Thank you, I know you are all right, thing is I KNOW it will go straight back to normal when I am out of here, so lesson won't have been learnt.

well, that will be down to you, won't it? Answer all the texts with noncommittal replies that aren't helpful "oh dear that sounds stressful" or whatever.

And don't let it get back to "normal" when you get back. You have to be firm on this or it will be miserable

Winniewonka · 22/10/2021 12:54

Next time he says he is struggling say "Welcome to my world!, I do all this and work too. When I get out of hospital, things will have to change and you'll have to start doing more"
This is a golden opportunity for you, DON'T let things slip back to normal. Make a list dividing up housework and child care. He's not going to change voluntarily unless you push him. He's a partner not another child for you to look after.
Tell him you will end up back in hospital through exhaustion if he doesn't pull his weight.
Switch your phone off now for a few hours. Do this every day whilst you're in hospital.

Knittedfairies · 22/10/2021 13:23

I'm sorry you've been so unwell that you've been hospitalised for a week, but don't waste the opportunity you've been given to let your DP realise just how much you do. I think many women have had fantasies of being elsewhere for a week or so to give husbands and partners a reality check...

Get well soon, and don't go back to how things were before.

startrek90 · 22/10/2021 14:09

I understand how you feel. I had something similar happen in our family, though I was in hospital for a month not a week!

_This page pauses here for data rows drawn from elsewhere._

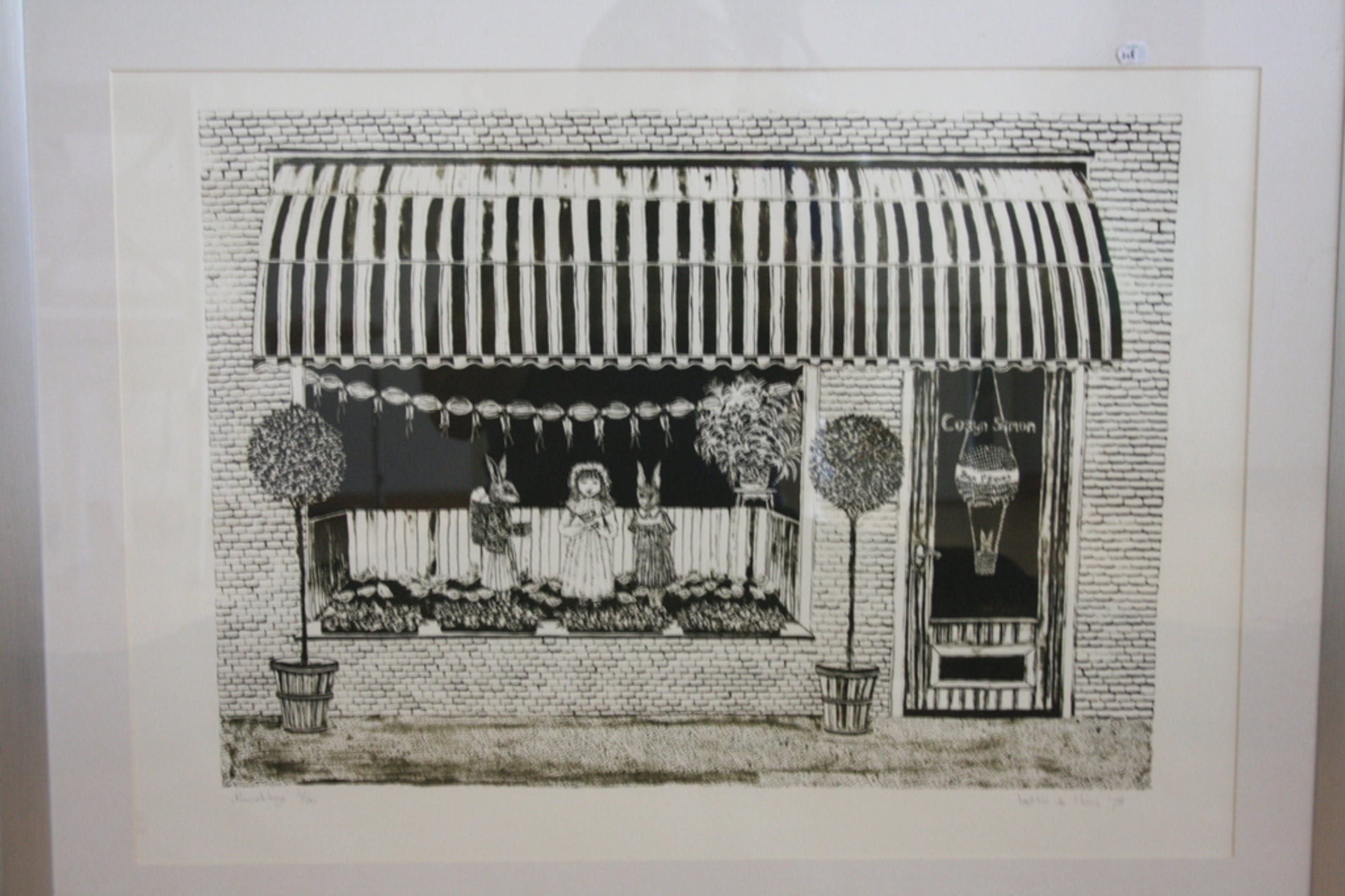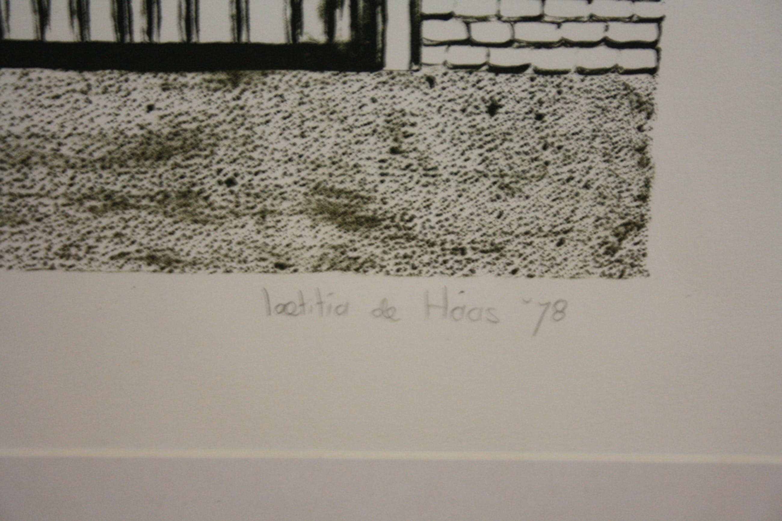 Een originele zwart/wit ets van de bekende Amsterdamse kunstenares Laetitia de Haas ( Voorburg 1948).Rechtsonder gesigneerd Laetitia de Haas 1978, en linksonder "Paasetalage " 2/60. Voorstelling is een winkel met een paasetalage. Laetitia de Haas, staat vermeldt in diverse boeken en woont en werkt in Amsterdam. Haar opleiding kreeg ze bij de Gerrit Rietveld Academie te Amsterdam. Zij is lid van het Amersfoortse Kunstgenootschap De Ploegh.
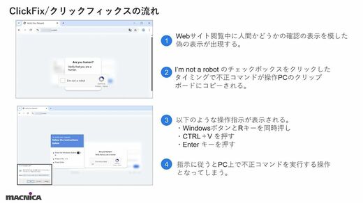 上記のような画面上の操作指示に従う過程で、悪意あるコマンドを被害者自らに実行させ、最終的にInfostealerに感染させるのです。操作を求める口実としては「人間かどうかの確認」以外に、「ウイルス除去」や「PCのエラー解消」「情報閲覧のため」など様々です。
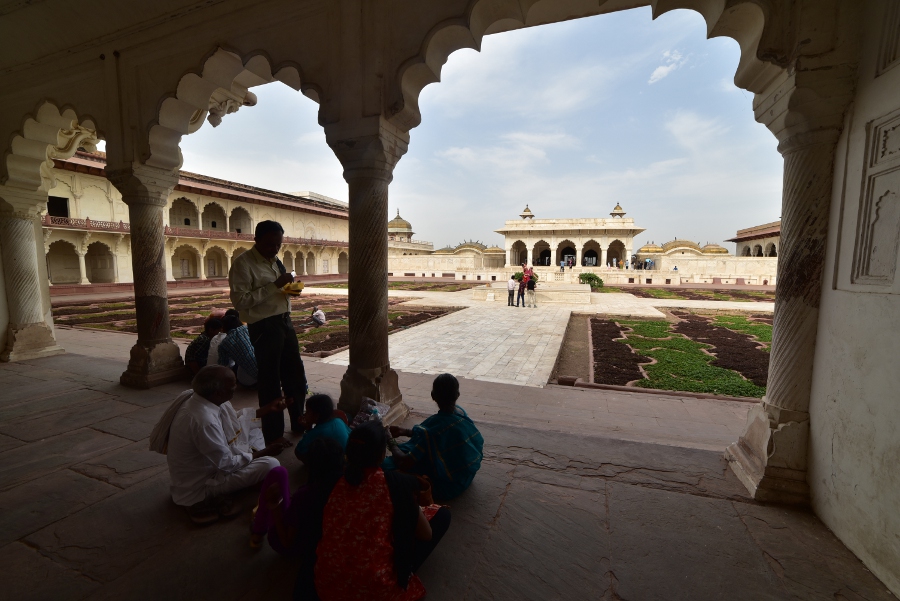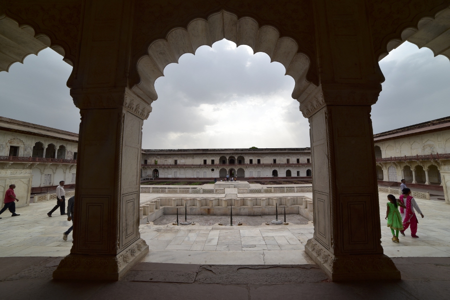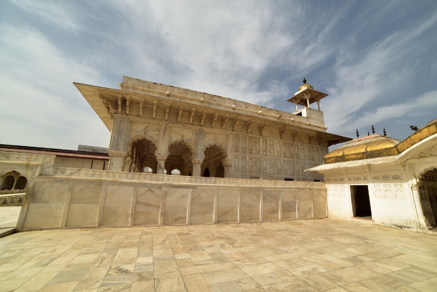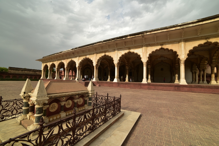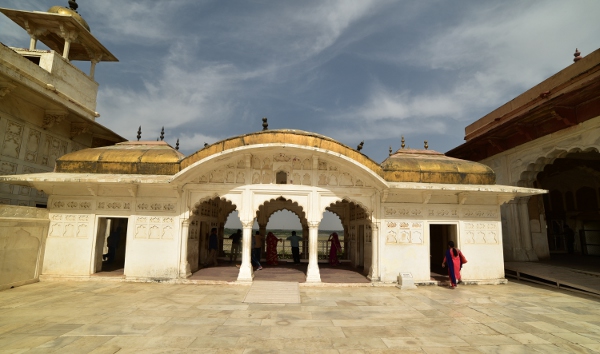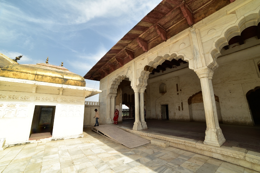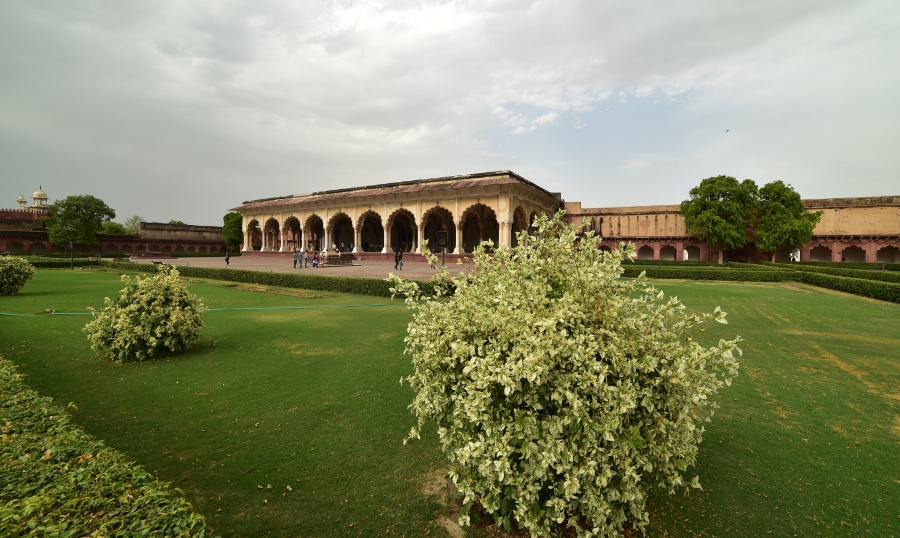 Flanquant le plus grand parterre du fort, le Diwan-i-Am, la salle des audiences publiques est une belle loge surélevée aux multiples arcades. C’est ici que l’empereur moghol s’adressait au peuple et à la noblesse.
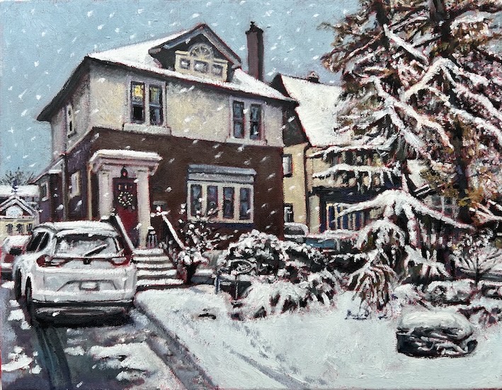 Snowfall on Mary Street (2024) 11″ x 14″ Oil on Canvas
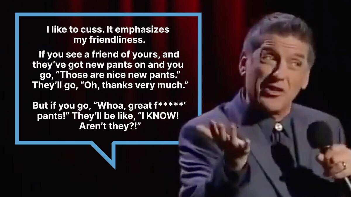 “I like to cuss. It helps me be friendly to people. It emphasizes my friendliness. Like, if you see a friend of yours, and they’ve got new pants on and you go, ‘Oh, those are nice new pants.’ They’ll go, ‘Oh, thanks very much.’ But if you go, ‘Whoa, great fuckin’ pants!’ They’ll be like, ‘I know, aren’t they? I saw them in the store I was like fuuuuuck!’”
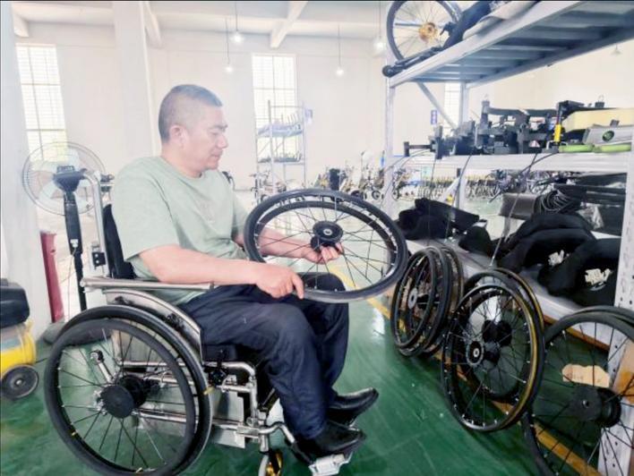 2006年,周志刚因意外高位截瘫。他自强进取,凭打工时学的机电知识,钻研改良轮椅。经反复试验,做出实用电动车头。2018年他注册公司,经过不断创新,公司拥有全国首创的车头控制轮椅刹车等核心技术,“个性化轮椅”销往全国30多个省市,他也成了残疾人眼中的创业榜样。
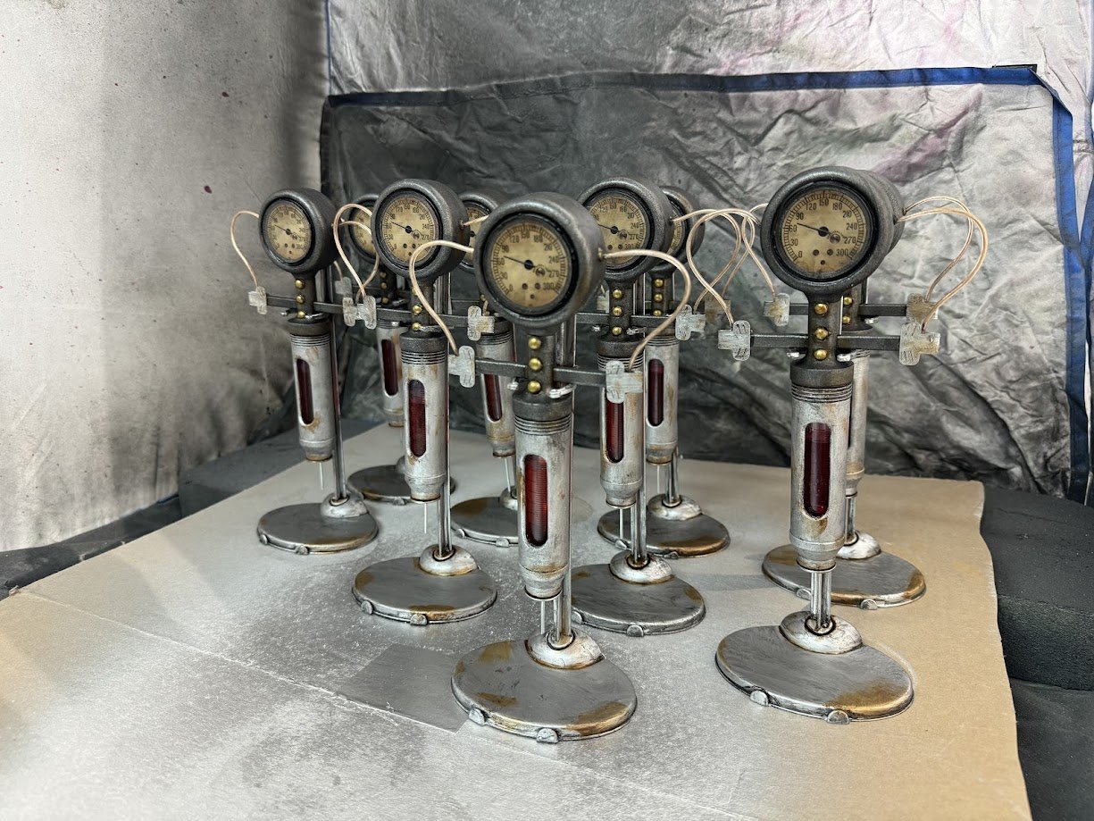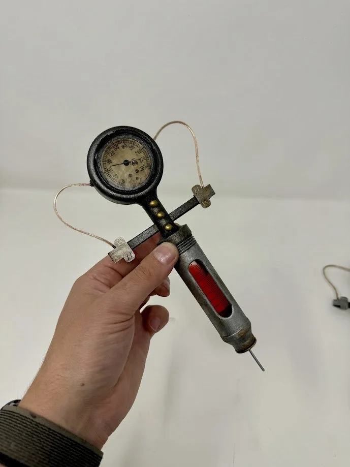 The prop was designed to be FDM printed in multiple parts with minimal supports to reduce cleanup time. One of the goals was to include red liquid inside the syringes so it could move and slosh for a more realistic effect. The gauge and exposed wiring were also key details in the build.

You can't help feeling guilty but you can help what happens when you come home. When I returned home my dh had real appreciation for what I did all day and that made it easier to have the discussion about sharing the load.

Try not to feel guilty (easier said than done I know!) You have to be in hospital, it's a non negotiable. The more stressed you are, the longer it will take to get better.

EmeraldShamrock · 22/10/2021 17:54

It isn't a case of lessons will be learned.
Are you willing to put up and shut up for years? Would you treat someone who you loved the way he treats you, as a personal slave?
No one gives points for being a Martyr.
I'm sorry he has gotten you in this situation, change it.
Tell him to grow up he doesn't live with mammy now.
The funny part is if you left him he'd be very capable of surviving.